[<prev] [next>] [<thread-prev] [thread-next>] [day] [month] [year] [list]
Message-Id: <20240801082721.62935-1-takakura@valinux.co.jp>
Date: Thu, 1 Aug 2024 17:27:21 +0900
From: takakura@...inux.co.jp
To: pmladek@...e.com,
john.ogness@...utronix.de
Cc: akpm@...ux-foundation.org,
bhe@...hat.com,
feng.tang@...el.com,
j.granados@...sung.com,
linux-kernel@...r.kernel.org,
lukas@...ner.de,
nishimura@...inux.co.jp,
rostedt@...dmis.org,
senozhatsky@...omium.org,
stephen.s.brennan@...cle.com,
taka@...inux.co.jp,
takakura@...inux.co.jp,
ubizjak@...il.com,
wangkefeng.wang@...wei.com
Subject: Re: [PATCH] printk: CPU backtrace not printing on panic
Hi Petr and John,
On 2024-07-30, Petr Mladek <pmladek@...e.com> wrote:
>On Fri 2024-07-26 16:02:45, John Ogness wrote:
>> On 2024-07-26, Petr Mladek <pmladek@...e.com> wrote:
>> > I would do it the other way and enable printing from other CPUs only
>> > when triggring the backtrace. We could do it because
>> > trigger_all_cpu_backtrace() waits until all backtraces are
>> > printed.
>> >
>> > Something like:
>> >
>> > diff --git a/include/linux/panic.h b/include/linux/panic.h
>> > index 3130e0b5116b..980bacbdfcfc 100644
>> > --- a/include/linux/panic.h
>> > +++ b/include/linux/panic.h
>> > @@ -16,6 +16,7 @@ extern void oops_enter(void);
>> > extern void oops_exit(void);
>> > extern bool oops_may_print(void);
>> >
>> > +extern int panic_triggering_all_cpu_backtrace;
>> > extern int panic_timeout;
>> > extern unsigned long panic_print;
>> > extern int panic_on_oops;
>> > diff --git a/kernel/panic.c b/kernel/panic.c
>> > index f861bedc1925..7e9e97d59b1e 100644
>> > --- a/kernel/panic.c
>> > +++ b/kernel/panic.c
>> > @@ -64,6 +64,8 @@ unsigned long panic_on_taint;
>> > bool panic_on_taint_nousertaint = false;
>> > static unsigned int warn_limit __read_mostly;
>> >
>> > +int panic_triggering_all_cpu_backtrace;
>> > +
>> > int panic_timeout = CONFIG_PANIC_TIMEOUT;
>> > EXPORT_SYMBOL_GPL(panic_timeout);
>> >
>> > @@ -253,8 +255,12 @@ void check_panic_on_warn(const char *origin)
>> > */
>> > static void panic_other_cpus_shutdown(bool crash_kexec)
>> > {
>> > - if (panic_print & PANIC_PRINT_ALL_CPU_BT)
>> > + if (panic_print & PANIC_PRINT_ALL_CPU_BT) {
>> > + /* Temporary allow printing messages on non-panic CPUs. */
>> > + panic_triggering_all_cpu_backtrace = true;
>> > trigger_all_cpu_backtrace();
>> > + panic_triggering_all_cpu_backtrace = false;
>>
>> Note, here we should also add
>>
>> nbcon_atomic_flush_pending();
>>
>> Your suggestion allows the other CPUs to dump their backtrace into the
>> ringbuffer, but they are still forbidden from acquiring the nbcon
>> console contexts for printing.

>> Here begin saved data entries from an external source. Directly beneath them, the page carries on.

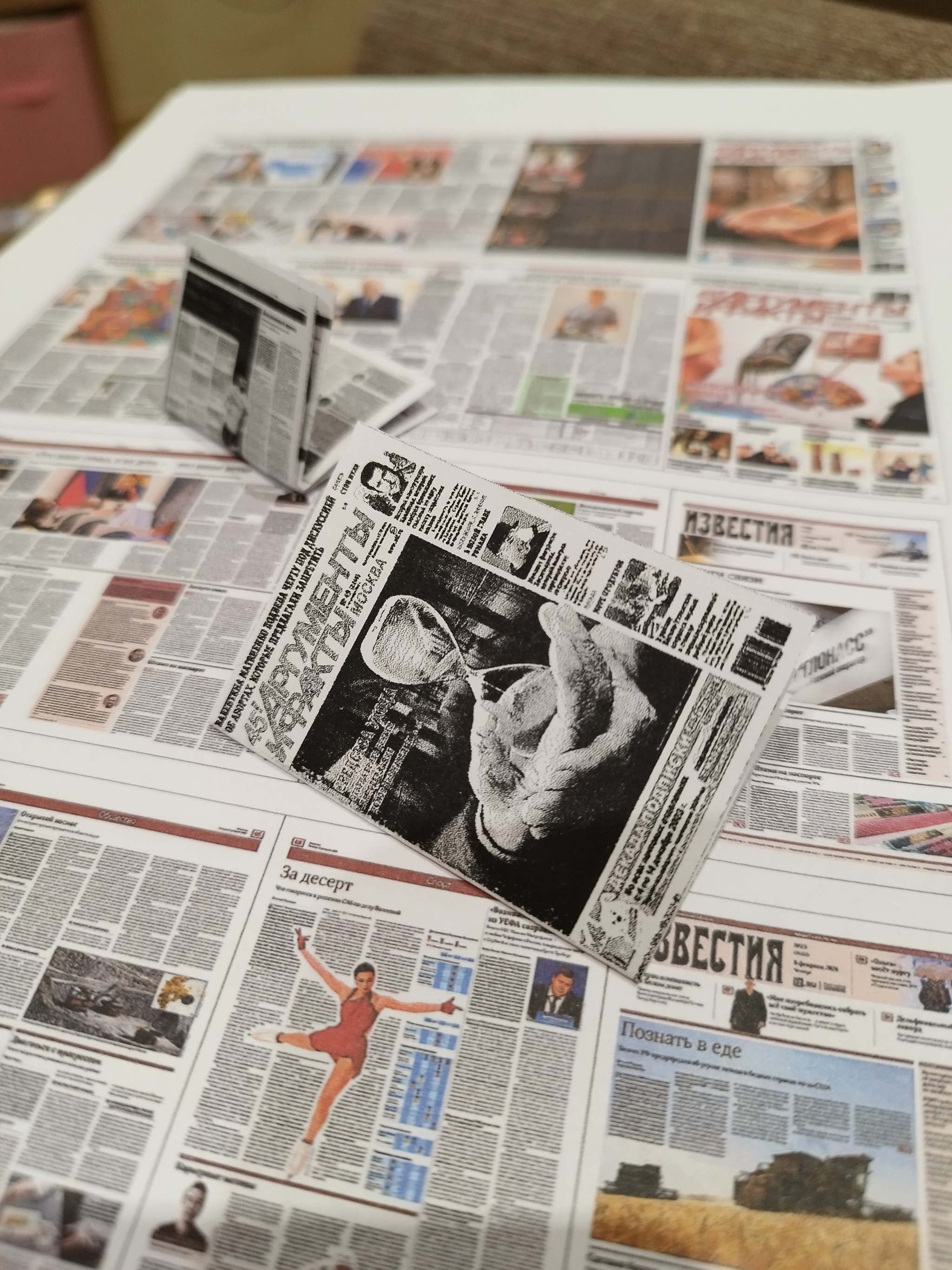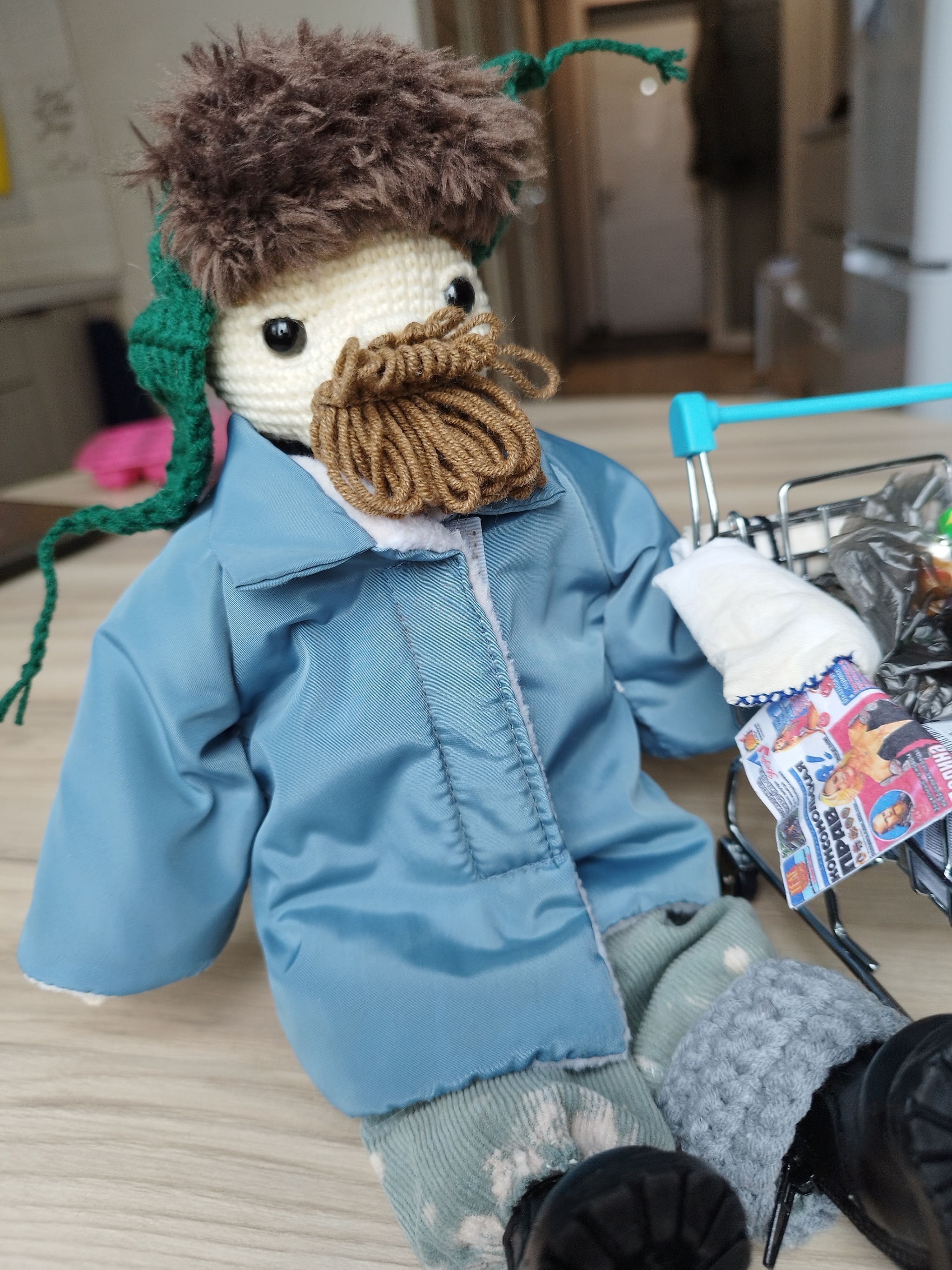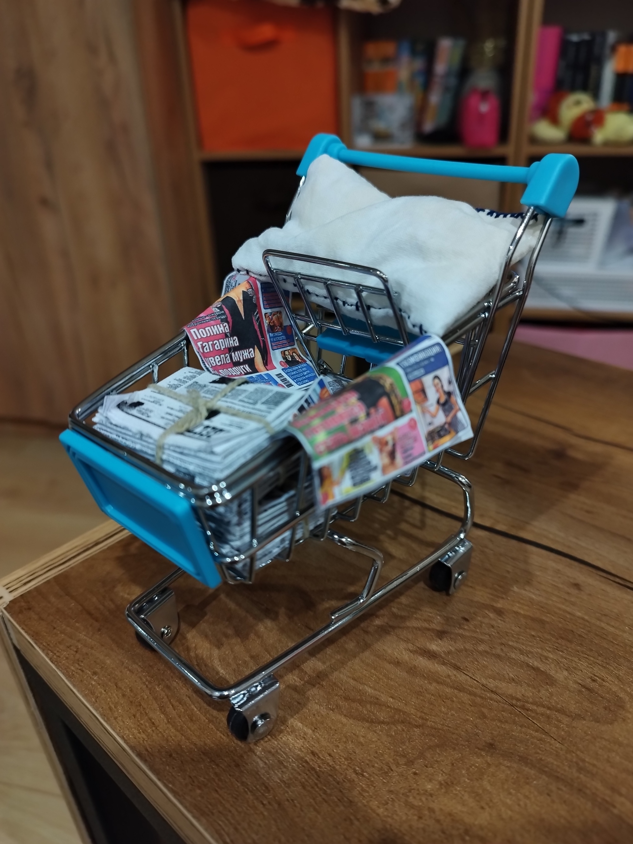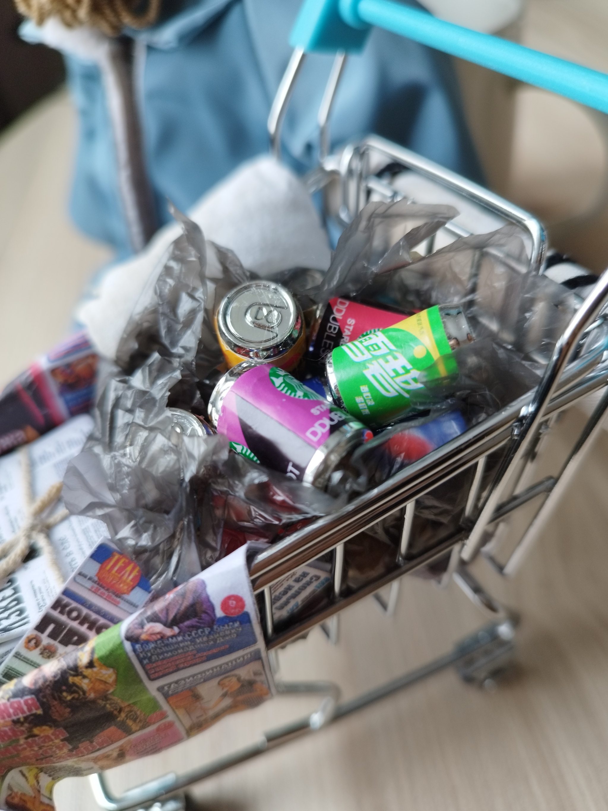 Дополнительно сделала бомжу тележку. Хоть мне и сказали, что у наших это не принято, хотелось его как-то облагородить. В тележку пошли мини-газеты (купила и размножила), банки, старый пакет, а ещё самосшитые подушка и плед.
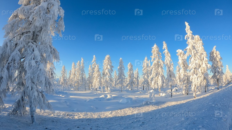 Зимний лес, заснеженные ели на склоне горы, Колыма, Россия
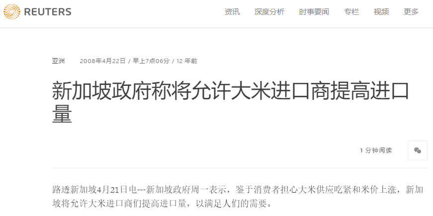 常存忧患意识的新加坡一向懂得居安思危。这是一则12年前的旧闻----2008年4月,鉴于消费者担心大米供应吃紧和米价上涨,新加坡将允许大米进口商们提高进口量。
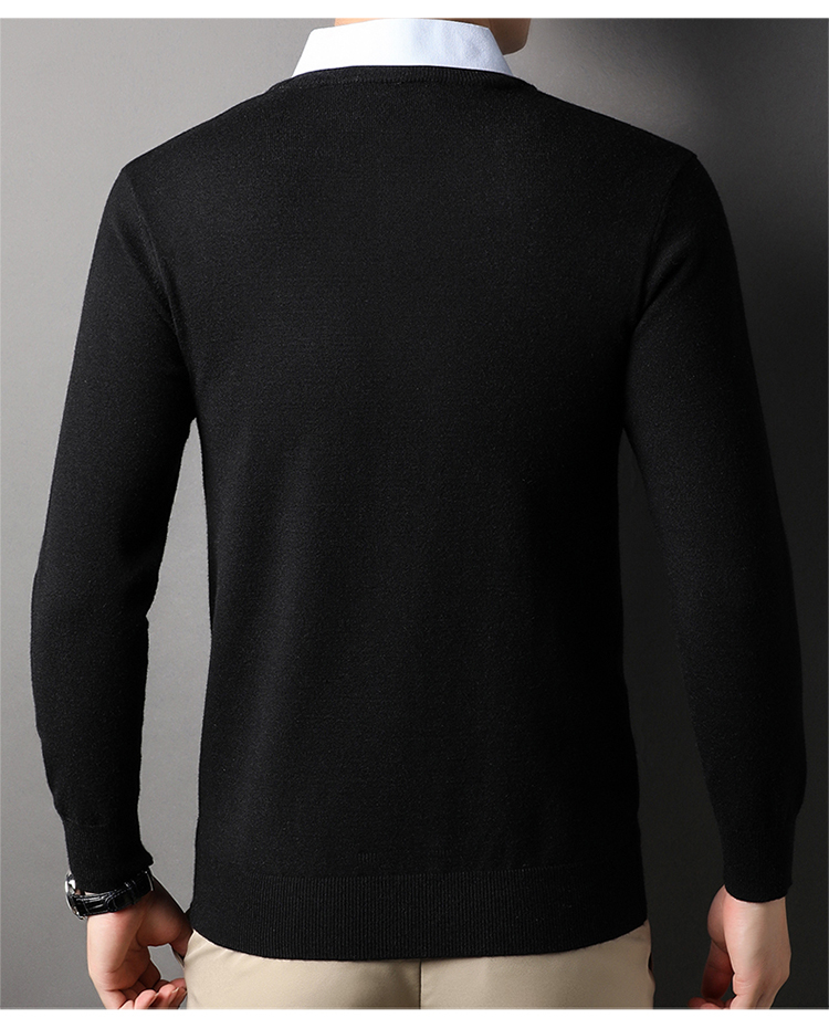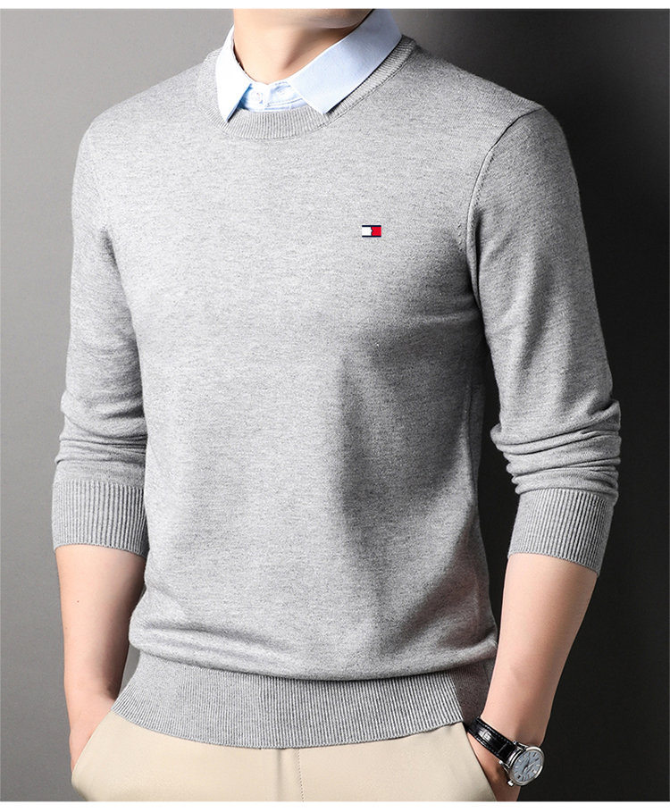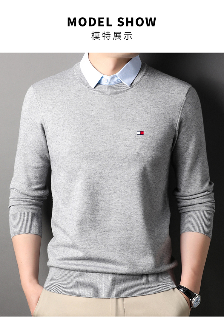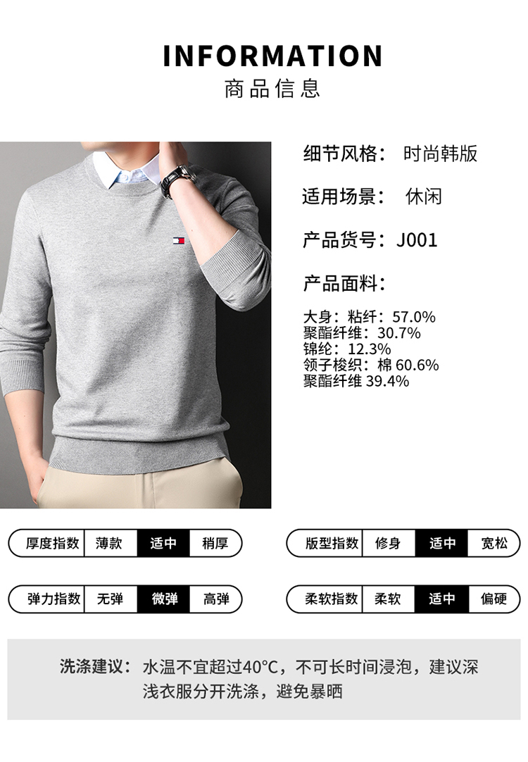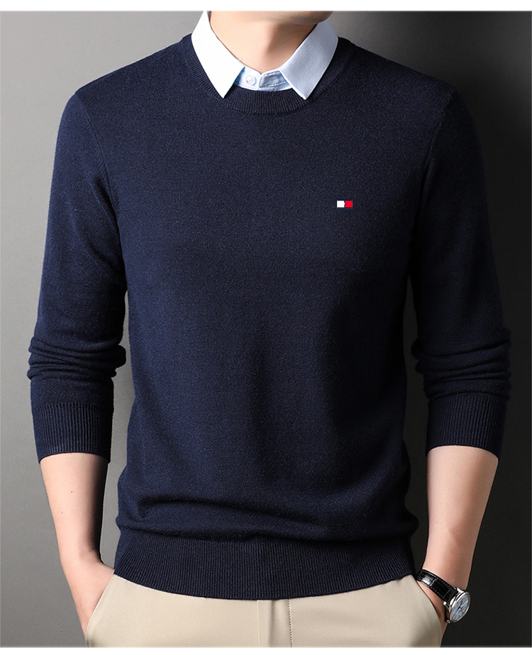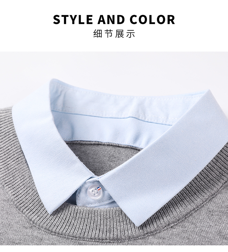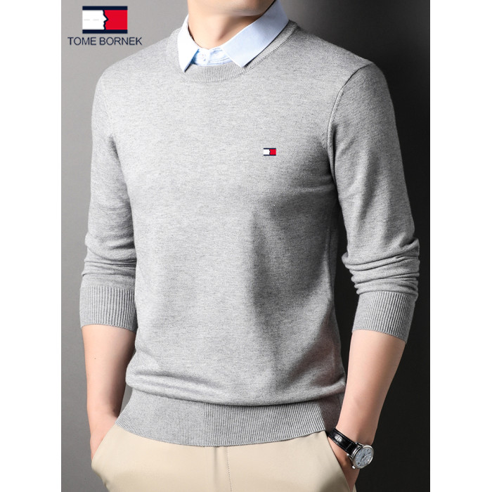 湯米希凱利秋冬季男士假兩件襯衫領毛衣保暖加厚款套頭針織衫休閒

That is a necessary requirement of
>> nbcon_waiter_matches().
>
>Great catch!
>
>I would prefer to solve this in a separate patch. This problem existed
>even before the commit 779dbc2e78d7 ("printk: Avoid non-panic CPUs writing
>to ringbuffer"). In fact, the problem existed very long time even for
>the legacy consoles.
>
Good point! I guess the problem existed since the commit 51a1d258e50e
("printk: Keep non-panic-CPUs out of console lock") as it forbade the
acquisition of console lock for non-panic cpus?
>It is pity that we need to handle both consoles separately. IMHO,
>we could get the same job done by calling
>
> console_flush_on_panic(CONSOLE_FLUSH_PENDING);
>
>It flushes both nbcon and legacy consoles.
>
>> Or since the cpu_sync is held while printing the backtrace, we could
>> allow the non-panic CPUs to print by modifying the check in
>> nbcon_context_try_acquire_direct():
>>
>> ----- BEGIN -----
>> diff --git a/kernel/printk/nbcon.c b/kernel/printk/nbcon.c
>> index ef6e76db0f5a..cd8724840edc 100644
>> --- a/kernel/printk/nbcon.c
>> +++ b/kernel/printk/nbcon.c
>> @@ -241,7 +241,7 @@ static int nbcon_context_try_acquire_direct(struct nbcon_context *ctxt,
>> struct nbcon_state new;
>>
>> do {
>> - if (other_cpu_in_panic())
>> + if (other_cpu_in_panic() && !__printk_cpu_sync_owner())
>
>Interesting idea. I am not completely against it.
>
>Well, this would be the only situation when nmi_cpu_backtrace() would
>be allowed to flush the messages directly. Also it would be yet
>another exception.
>
>I would probably keep it simple and just flush the messages from
>the panic-CPU (using console_flush_on_panic(CONSOLE_FLUSH_PENDING).
>
>
>> return -EPERM;
>>
>> if (ctxt->prio <= cur->prio || ctxt->prio <= cur->req_prio)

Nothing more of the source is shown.